### What the exercise asks:
Copy each entry below without any change.

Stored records
-------
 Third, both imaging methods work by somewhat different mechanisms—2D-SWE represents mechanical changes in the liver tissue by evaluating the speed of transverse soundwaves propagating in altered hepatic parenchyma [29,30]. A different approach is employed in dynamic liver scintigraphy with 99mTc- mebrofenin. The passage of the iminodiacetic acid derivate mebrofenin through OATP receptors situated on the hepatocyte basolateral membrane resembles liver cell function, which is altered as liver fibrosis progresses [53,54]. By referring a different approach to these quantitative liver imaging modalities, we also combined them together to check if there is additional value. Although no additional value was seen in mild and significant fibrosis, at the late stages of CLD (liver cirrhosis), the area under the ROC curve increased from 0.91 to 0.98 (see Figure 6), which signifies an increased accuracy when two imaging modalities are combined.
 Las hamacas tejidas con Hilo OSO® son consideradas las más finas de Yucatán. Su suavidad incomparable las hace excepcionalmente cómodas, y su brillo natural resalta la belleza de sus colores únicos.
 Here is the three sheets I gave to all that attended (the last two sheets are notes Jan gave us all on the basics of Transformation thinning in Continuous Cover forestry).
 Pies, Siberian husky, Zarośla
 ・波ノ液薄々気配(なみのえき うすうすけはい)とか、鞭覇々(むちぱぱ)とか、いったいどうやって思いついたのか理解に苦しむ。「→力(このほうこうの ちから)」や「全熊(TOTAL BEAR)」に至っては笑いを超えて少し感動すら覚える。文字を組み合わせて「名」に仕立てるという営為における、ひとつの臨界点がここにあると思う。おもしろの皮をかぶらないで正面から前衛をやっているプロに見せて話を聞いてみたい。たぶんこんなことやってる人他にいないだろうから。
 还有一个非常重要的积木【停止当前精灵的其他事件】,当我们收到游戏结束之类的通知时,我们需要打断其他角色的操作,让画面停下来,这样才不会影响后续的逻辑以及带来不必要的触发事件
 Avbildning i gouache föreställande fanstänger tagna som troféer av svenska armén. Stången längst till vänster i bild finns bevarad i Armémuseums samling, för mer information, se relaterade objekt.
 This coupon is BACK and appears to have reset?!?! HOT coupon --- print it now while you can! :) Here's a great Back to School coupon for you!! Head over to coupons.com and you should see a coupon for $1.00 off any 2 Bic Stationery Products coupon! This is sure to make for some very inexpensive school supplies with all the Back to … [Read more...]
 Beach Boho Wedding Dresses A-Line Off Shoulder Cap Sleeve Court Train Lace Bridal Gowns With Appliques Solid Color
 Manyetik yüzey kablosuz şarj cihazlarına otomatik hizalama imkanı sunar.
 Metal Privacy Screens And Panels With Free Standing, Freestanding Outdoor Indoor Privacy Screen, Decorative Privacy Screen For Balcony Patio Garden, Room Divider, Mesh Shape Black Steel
-------
### Response to this task:
 Third, both imaging methods work by somewhat different mechanisms—2D-SWE represents mechanical changes in the liver tissue by evaluating the speed of transverse soundwaves propagating in altered hepatic parenchyma [29,30]. A different approach is employed in dynamic liver scintigraphy with 99mTc- mebrofenin. The passage of the iminodiacetic acid derivate mebrofenin through OATP receptors situated on the hepatocyte basolateral membrane resembles liver cell function, which is altered as liver fibrosis progresses [53,54]. By referring a different approach to these quantitative liver imaging modalities, we also combined them together to check if there is additional value. Although no additional value was seen in mild and significant fibrosis, at the late stages of CLD (liver cirrhosis), the area under the ROC curve increased from 0.91 to 0.98 (see Figure 6), which signifies an increased accuracy when two imaging modalities are combined.
 Las hamacas tejidas con Hilo OSO® son consideradas las más finas de Yucatán. Su suavidad incomparable las hace excepcionalmente cómodas, y su brillo natural resalta la belleza de sus colores únicos.
 Here is the three sheets I gave to all that attended (the last two sheets are notes Jan gave us all on the basics of Transformation thinning in Continuous Cover forestry).
 Pies, Siberian husky, Zarośla
 ・波ノ液薄々気配(なみのえき うすうすけはい)とか、鞭覇々(むちぱぱ)とか、いったいどうやって思いついたのか理解に苦しむ。「→力(このほうこうの ちから)」や「全熊(TOTAL BEAR)」に至っては笑いを超えて少し感動すら覚える。文字を組み合わせて「名」に仕立てるという営為における、ひとつの臨界点がここにあると思う。おもしろの皮をかぶらないで正面から前衛をやっているプロに見せて話を聞いてみたい。たぶんこんなことやってる人他にいないだろうから。
 还有一个非常重要的积木【停止当前精灵的其他事件】,当我们收到游戏结束之类的通知时,我们需要打断其他角色的操作,让画面停下来,这样才不会影响后续的逻辑以及带来不必要的触发事件
 Avbildning i gouache föreställande fanstänger tagna som troféer av svenska armén. Stången längst till vänster i bild finns bevarad i Armémuseums samling, för mer information, se relaterade objekt.
 This coupon is BACK and appears to have reset?!?! HOT coupon --- print it now while you can! :) Here's a great Back to School coupon for you!! Head over to coupons.com and you should see a coupon for $1.00 off any 2 Bic Stationery Products coupon! This is sure to make for some very inexpensive school supplies with all the Back to … [Read more...]
 Beach Boho Wedding Dresses A-Line Off Shoulder Cap Sleeve Court Train Lace Bridal Gowns With Appliques Solid Color
 Manyetik yüzey kablosuz şarj cihazlarına otomatik hizalama imkanı sunar.
 Metal Privacy Screens And Panels With Free Standing, Freestanding Outdoor Indoor Privacy Screen, Decorative Privacy Screen For Balcony Patio Garden, Room Divider, Mesh Shape Black Steel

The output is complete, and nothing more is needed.